Create a CuDNN extern op that computes the gradient of 2D convolution with respect to weight.
- Parameters:
dy (Tensor) – output gradient
x (Tensor) – input tensor
kernel_size (a pair of int) – The spatial size of the corresponding forward convolution kernel
conv_mode (int) – 0: CUDNN_CONVOLUTION 1: CUDNN_CROSS_CORRELATION
tensor_format (int) – 0: CUDNN_TENSOR_NCHW 1: CUDNN_TENSOR_NHWC
conv_dtype (str) – convolution type
groups (int) – the number of groups
- Returns:
dw – wgrad tensor
- Return type:
- tvm.contrib.cudnn.softmax(x, axis=-1)
Compute softmax using CuDNN
- Parameters:
x (tvm.te.Tensor) – The input tensor
axis (int) – The axis to compute the softmax
- Returns:
ret – The result tensor
- Return type:
- tvm.contrib.cudnn.log_softmax(x, axis=-1)

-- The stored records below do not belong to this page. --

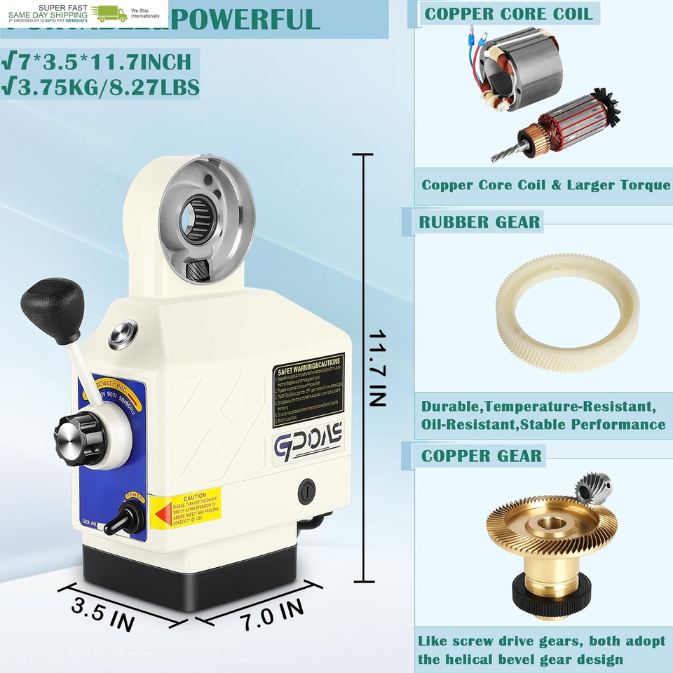 BASIC PARAMETERS: GPOAS Z-Axis power feed is made of aluminuml;Power Parameter:90Watt,110V input voltage,50/60Hz,single phase;Rotate Speed:0-200 RPM.Max Torque:450in-lb;Max feed rate: 650mm/min; Max return speed: 850mm/min.This power feed fits some milling machines like Bridgeport, Precision Matthews, Enco, Jet, Sharp, Acer, Webb, etc.
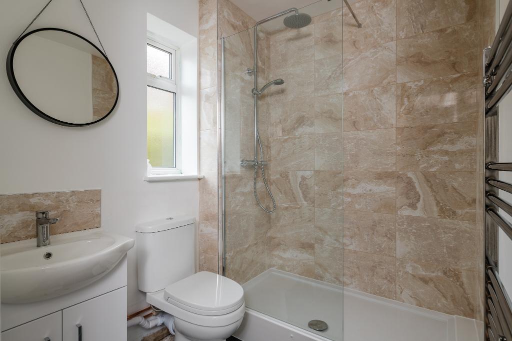 The refitted bathroom has been completed to a high standard, featuring a contemporary three-piece white suite with a walk-in shower and luxury tiled surround.
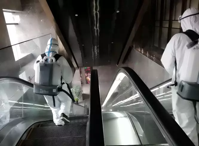 郑州郑东智选假日酒店员工对酒店电梯进行消毒。
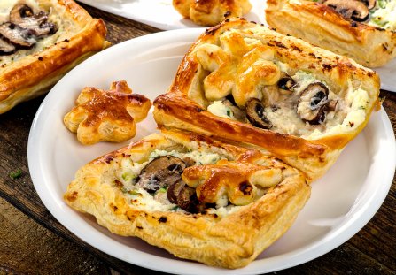 To danie wygląda jak elegancka restauracyjna przystawka, a robi się je w kilkanaście minut! To ciasto francuskie z pieczarkami w formie przyjemnych w jedzeniu prostokątów.
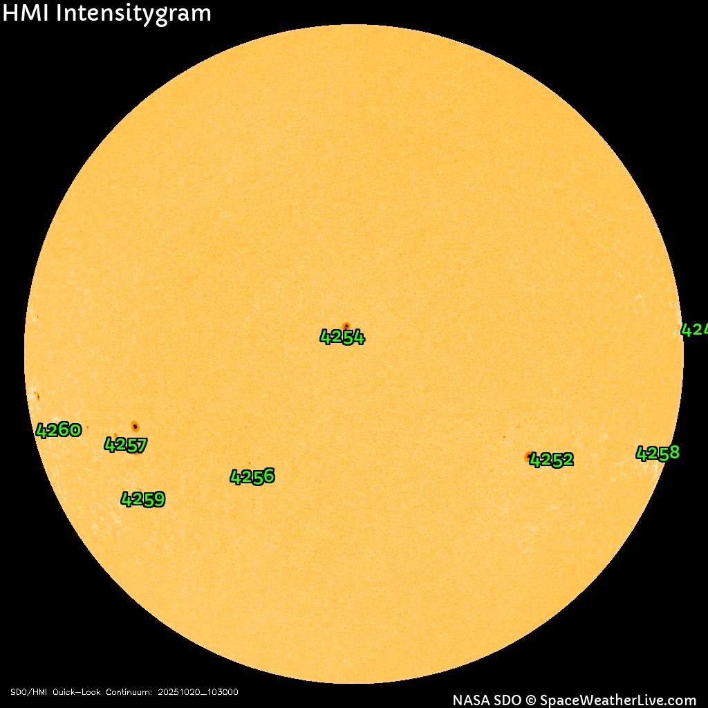 Крупное пятно AR4248, ответственное за магнитные бури последних дней, ушло за границу видимого диска Солнца. Оставшиеся пятна обладают простыми магнитными конфигурациями и вряд ли выдадут мощные вспышки.
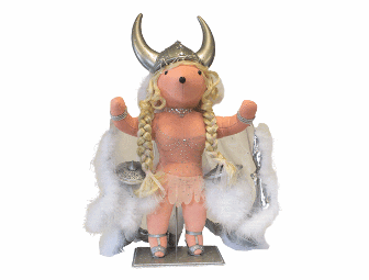 Behold our curvaceous and stately Valkyrie Showgirl bear, inspired by the Broadway hit The Producers. She is clothed in a sheer body suit, studded with rhinestones and bugle beads. An organza scallop-shaped girdle, decorated with rhinestones and beads, hugs her lower hips. Large rhinestones create a glamorous choker and the wristbands are encrusted with silver beads and clear bugle beads. The pannier is represented as two battle shields, delicately balanced on her hips. The underside of each shield is adorned with white marabou and wire-strung beads. Her open-toed shoes are constructed from polymer clay, paper, wire, leather, acrylic paint and rhinestones. The voluminous organza cape has a scalloped lamé edge, edged with marabou. Our Valkyrie bear wears a double-horned helmet constructed of thermoplastic, paper, sparkling acrylic paint and studded with rhinestones. The back has a flourish of white marabou with wired, beaded tendrils. Her long, blonde braids are intertwined with decorative ribbons and silver strands. She stands permanently on her own star-studded base, ready to fight the ancient Norse gods to earn a place in your home.
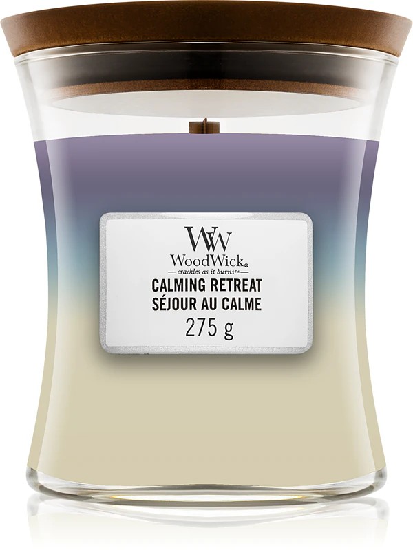 La candela profumata Woodwick Medium Hourglass Trilogy in fragranza Calming Retreat presenta un design unico a tre strati aromatici che combina le note di Lavender Spa, Sea Salt & Cotton e White Tea & Jasmine. Realizzata con cera di soia di alta qualità e alloggiata in un elegante contenitore di vetro dal diametro di 9,9 cm e altezza di 11,4 cm, questa candela premium è caratterizzata da uno stoppino in legno che produce un delicato crepitio durante la combustione, simile al suono di un caminetto, garantendo un tempo di bruciatura fino a 60 ore. Lo strato Lavender Spa offre note rilassanti di lavanda ed eucalipto, lo strato Sea Salt & Cotton presenta l’aroma calmante di brezze marine salmastre con sfumature di cotone e legno, mentre lo strato White Tea & Jasmine combina tè bianco puro con accenti di gelsomino miscelati con cedro rosso e rosa. Progettata per creare un’atmosfera tranquilla negli ambienti domestici, le fragranze stratificate si evolvono armoniosamente durante la combustione. Il contenitore in vetro ha una tonalità blu e mantiene una temperatura costante durante l’uso. La formulazione in cera di soia assicura una combustione pulita con produzione minima di fuliggine, rendendola adatta all’uso regolare in interni. Il design a clessidra aggiunge un appeal estetico all’arredamento domestico, mentre lo stoppino crepitante fornisce elementi di relax sia visivi che uditivi. Ogni strato brucia progressivamente, permettendo ai diversi profili aromatici di emergere durante l’intera durata della candela. Il prodotto pesa circa 680 grammi e contiene 453 grammi di cera. Questa candela è ideale per creare spazi rilassanti in soggiorni, camere da letto o aree meditative dove sono desiderabili illuminazione ambientale e aromi calmanti.
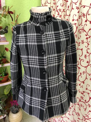 Chaquetón con un diseño elegante y moderno, perfecto para añadir un toque sofisticado a tu vestuario. - Patrón de cuadros clásico en blanco y negro. - Cuello alto con cierre de botones. - Corte entallado que realza la figura. - Bolsillos frontales con solapa. - Perfecto estado. Talla 40.
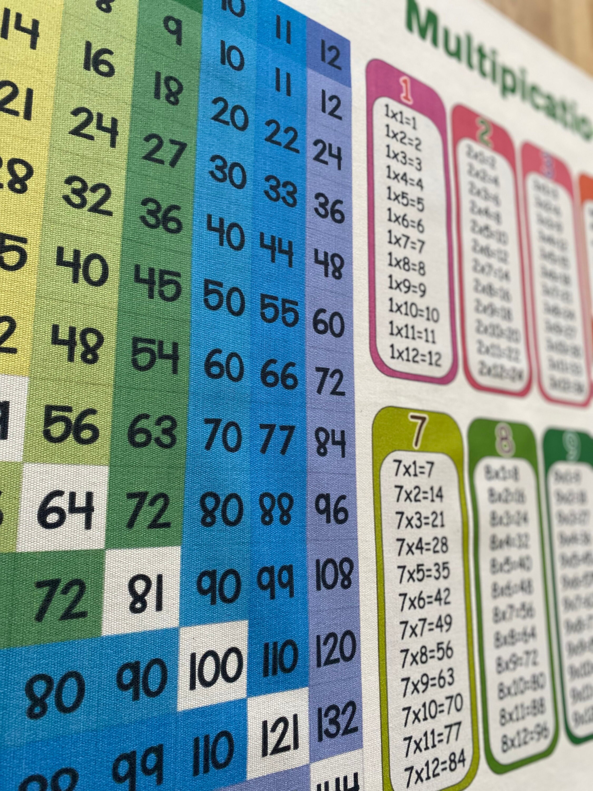 Multiplication Table Print, Colorful Math Chart, Times Table Classroom ...
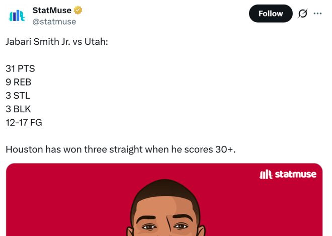 凭借这一场胜利,火箭队战绩提升至35胜21负,成功反超掘金队升至西部第三,同时将领先湖人与森林狼的胜场差扩大到1个胜场。
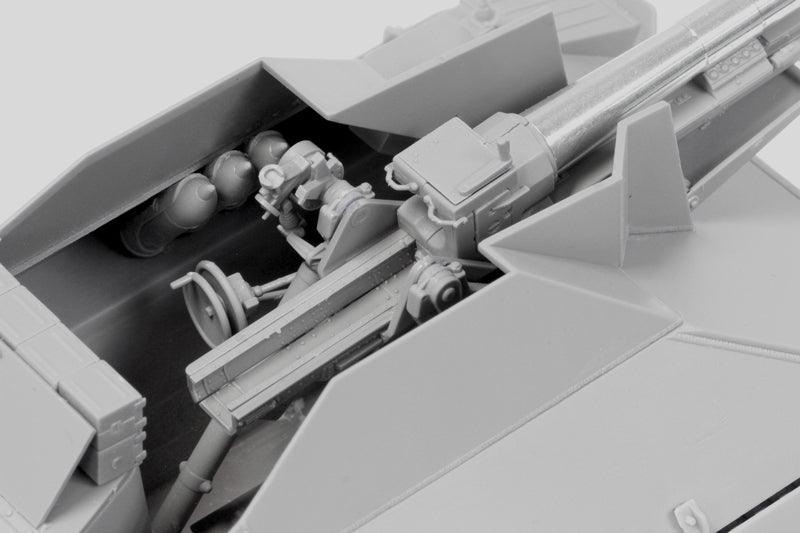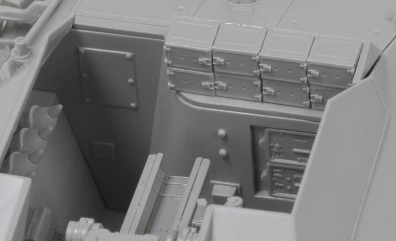 This new 1/35 scale kit is phenomenally detailed. It is far more than just a hybrid of Dragon’s Hetzer chassis and s.IG.33/2 howitzer, for this kit required numerous new parts to pull off a realistic depiction of this vehicle. The kit has a brand-new upper hull, superstructure, fighting compartment, idler wheel, storage bin and associated interior detail such as ammunition racks. Furthermore, two options are available to fit out the aft of the fighting compartment. At the rear is a new exhaust and muffler, which comes with a photo-etched guard. This self-propelled howitzer has hitherto never been available in plastic, so Dragon’s creation makes yet another Hetzer variant readily obtainable by all. As well as the regular Hetzer tank destroyer already offered by Dragon, modelers can now add this support vehicle with heavy 15cm gun to their collections.
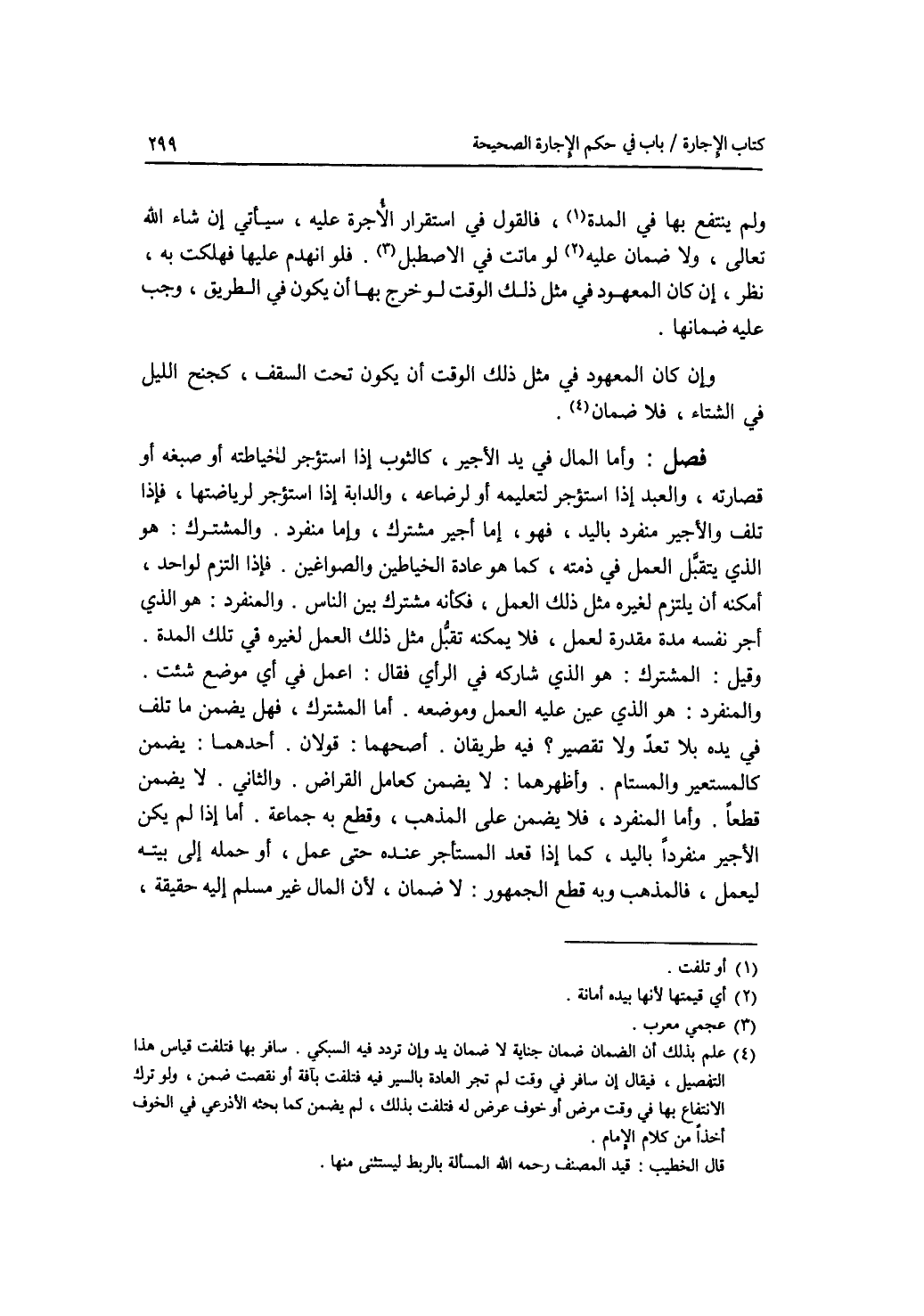 ولم ينتفع بها في المدة، فالقول في استقرار الاجرة عليه، سيأتي إن شاء الله تعالى، ولا ضمان عليه لو ماتت في الاصطبل. فلو انهدم عليها فهلكت به، نظر، إن كان المعهود في مثل ذلك الوقت لو خرج بها أن يكون في الطريق، وجب عليه ضمانها. وإن كان المعهود في مثل ذلك الوقت أن يكون تحت السقف، كجنح الليل في الشتاء، فلا ضمان. فصل وأما المال في يد الاجير، كالثوب إذا استؤجر لخياطته أو صبغه أو قصارته، والعبد إذا استؤجر لتعليمه أو لرضاعه، والدابة إذا استؤجر لرياضتها. فإذا تلف والاجير منفرد باليد، فهو، إما أجير مشترك، وإما منفرد. والمشترك: هو الذي يتقبل العمل في ذمته، كما هو عادة الخياطين والصواغين. فإذا التزم لواحد، أمكنه أن يلتزم لغيره مثل ذلك العمل، فكأنه مشترك بين الناس. والمنفرد: هو الذي أجر نفسه مدة مقدرة لعمل، فلا يمكنه تقبل مثل ذلك العمل لغيره في تلك المدة. وقيل: المشترك: هو الذي شاركه في الرأي فقال: اعمل في أي موضع شئت. والمنفرد: هو الذي عين عليه العمل وموضعه. أما المشترك، فهل يضمن ما تلف في يده بلا تعد ولا تقصير ؟ فيه طريقان. أصحهما: قولان. أحدهما: يضمن كالمستعير والمستام. وأظهرهما: لا يضمن كعامل القراض. والثاني: لا يضمن قطعا. وأما المنفرد، فلا يضمن على المذهب، وقطع به جماعة. أما إذا لم يكن الاجير منفردا باليد، كما إذا قعد المستأجر عنده حتى عمل، أو حمله إلى بيته ليعمل، فالمذهب وبه قطع الجمهور: لا ضمان، لان المال غير مسلم إليه حقيقة،
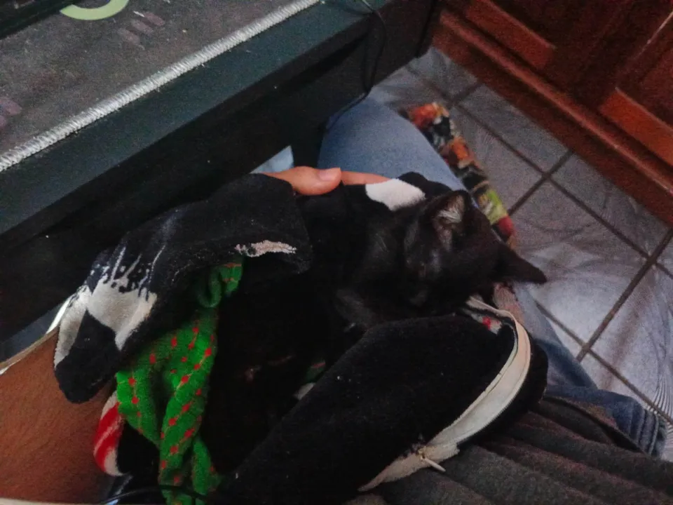 Encontrei o gatinho no dia 30 de junho. Estava fazendo frio, e ele miava muito. Acabei pegando-o por impulso, já que é muito pequeno. No entanto, não posso mantê-lo por muito tempo. Moro em um apartamento pequeno com mais duas pessoas, e uma delas não quer um gato por perto. Posso ajudar com doações mensais para contribuir com os custos do pequeno.

Compute log_softmax using CuDNN
- Parameters:
x (tvm.te.Tensor) – The input tensor
axis (int) – The axis to compute log softmax over
- Returns:
ret – The result tensor
- Return type:
tvm.contrib.dlpack
Wrapping functions to bridge frameworks with DLPack support to TVM
- tvm.contrib.dlpack.convert_func(tvm_func, tensor_type, to_dlpack_func)
- Convert a tvm function into one that accepts a tensor from another
framework, provided the other framework supports DLPACK
tvm.contrib.dnnl
External function interface to BLAS libraries.
- tvm.contrib.dnnl.matmul(lhs, rhs, transa=False, transb=False, **kwargs)
Create an extern op that compute matrix mult of A and rhs with CrhsLAS This function serves as an example on how to call external libraries.
- tvm.contrib.dnnl.dnnl_conv2d(src, weights, stride, padding, dilation, groups, channel_last=False, out_dtype='float32', **kwargs)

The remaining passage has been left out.